Benzedeiras mantêm viva tradição ancestral em terreiro de Goiânia

A cada ano, devotos recebem uma dose de bebida sagrada como forma de renovação espiritual

Ritual do Fecha Corpo (Foto: Divulgação)
Ritual do Fecha Corpo (Foto: Divulgação)

Enquanto a Semana Santa mobiliza fiéis em tradicionais celebrações cristãs, terreiros de Umbanda e casas de benzedeiras reforçam práticas ancestrais que transcendem o tempo. No Centro Espírita São Miguel Arcanjo, no Setor Universitário, em Goiânia, o ritual do Fecha Corpo é realizado durante toda a semana, com ênfase na Quinta-Feira Santa, como um ato de fortalecimento espiritual, reunindo ervas sagradas, fé e a sabedoria transmitida por gerações.

Sob a orientação da entidade espiritual Pai João, o preparo da bebida protetora – feita com vinho branco, cachaça e uma combinação de ervas – é conduzido com rigor. “Não é só misturar ingredientes. É preciso permissão dos antigos para que o ritual cumpra seu propósito: proteger, curar e abrir caminhos”, explica Zelismar Pereira, dirigente do terreiro. A cada ano, devotos recebem uma dose do líquido como forma de renovação espiritual.

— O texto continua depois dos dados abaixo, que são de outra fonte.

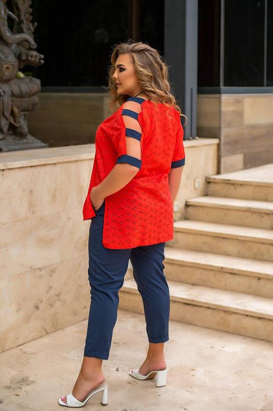 Розміри: 48-50,52-54,56-58 Костюм 2 ка Тканина: софт, прошва Заміри блузу: 1(48-50)- ОГ(104), ОБ(108) 2(52-54)- ОГ(110), ОБ(118) 3(56-58)- ОГ(116), ОБ(128) Довжина виробу по спинці 74см Довжина рукава 40см Штани пояс на резинці: 1(48-50) – ОБ(110) 2(52-54) - ОБ(118) 3(56-58) - ОБ(126) Довжина зовнішній шов 106см Довжина внутрішній шов 79см код 01072220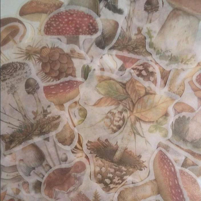- J103 きのこ ステッカー フレークシール 60枚 コラージュ ヴィンテージ 素材 デコレーション 手帳 シール スクラップブッキング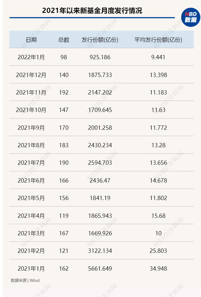 2022年1月,新基金成立的数量陡然下降,数量只有98只,较2021年12月的140只猛然下降了42只,平均发行份额从去年12月的13.4亿份下降至9.44亿份。
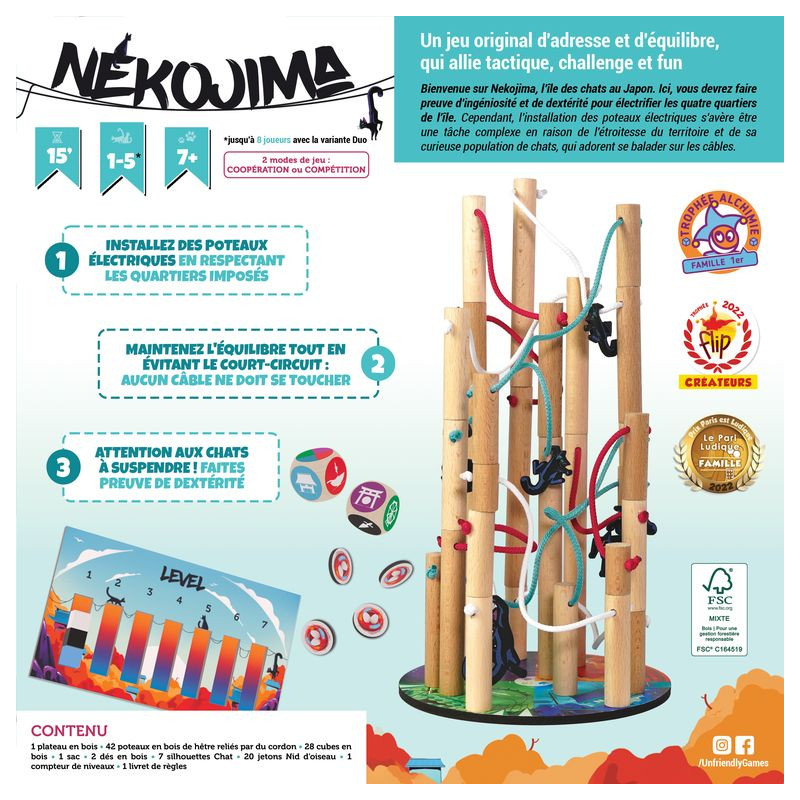 Il convient aussi bien à un enfant s’initiant avec l’équilibre à un profil expert en dextérité. Les différentes variantes de jeu (Expert, Gratte-ciels, Jungle Urbaine et Duo) innovent les façons de jouer à Nekojima et permettent d'apporter une difficulté supplémentaire.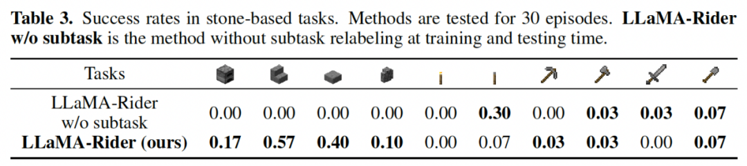 在消融实验中,作者利用包含更多子任务的石头相关任务,验证了子任务重标记的方法对于任务成功率和任务泛化能力的关键作用。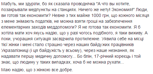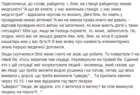 "В соседнем вагоне кому-то стало плохо. Я стояла в тамбуре и стала свидетелем. Потеряла сознание женщина в военной форме. Еще на перроне в Тернополе я заметила, как много военных садились в соседний вагон. Среди них была и эта блондинка, лет 35+. Сейчас ее несли по коридору вагона, через тамбур, затем вытащили на перрон. Там ее положили на простыню и подушку. Лицо женщины отекло, покрылось красными пятнами, кто-то сказал, что у нее судорога и какой-то мужчина поднял ее ноги. Она не реагировала", – написала Василец.

O centro carrega a história de Erotildes do Carmo, a Vó Erotildes, benzedeira e médium descendente de pessoas escravizadas, que chegou a Goiânia nos anos 1950. Reconhecida por seus dons de cura, ela atendia em casa, espaço que mais tarde se tornaria um dos terreiros mais antigos de Goiás. “Ela ensinou que a força está na oralidade, no respeito aos mais velhos e na conexão com os guias”, conta Maria de Lurdes (Madrinha Ester), que hoje divide a liderança com Zelismar.

Com a morte de Vó Erotildes há quase uma década, a casa mantém vivos seus ensinamentos, desde as rezas até o uso ritualístico de ervas. “A espiritualidade nos guia. Seguimos porque é um compromisso com aqueles que vieram antes de nós”, afirma Zelismar.

Umbanda: Fé que abraça

No altar do terreiro, imagens de orixás e santos católicos coexistem, refletindo o sincretismo característico da Umbanda – religião brasileira que mescla tradições africanas, indígenas e cristãs. “Aqui não importa a crença, mas a necessidade de quem chega”, diz Zelismar. Sem textos sagrados escritos, a religião se sustenta na transmissão oral, um desafio em tempos de urbanização e preconceito.

Enquanto velas são acesas e cantos ecoam no terreiro, o ritual do Fecha Corpo simboliza mais que uma tradição: é a resistência de um povo que, mesmo diante da marginalização, preserva sua cultura como ato de existência. “Enquanto houver fé e memória, a benzeção não acabará”, conclui Madrinha Ester.

O Centro São Miguel Arcanjo abre suas portas a todos os que buscam acolhida, seguindo o legado de Vó Erotildes: “Curar não é só com ervas, é com amor e ancestralidade”.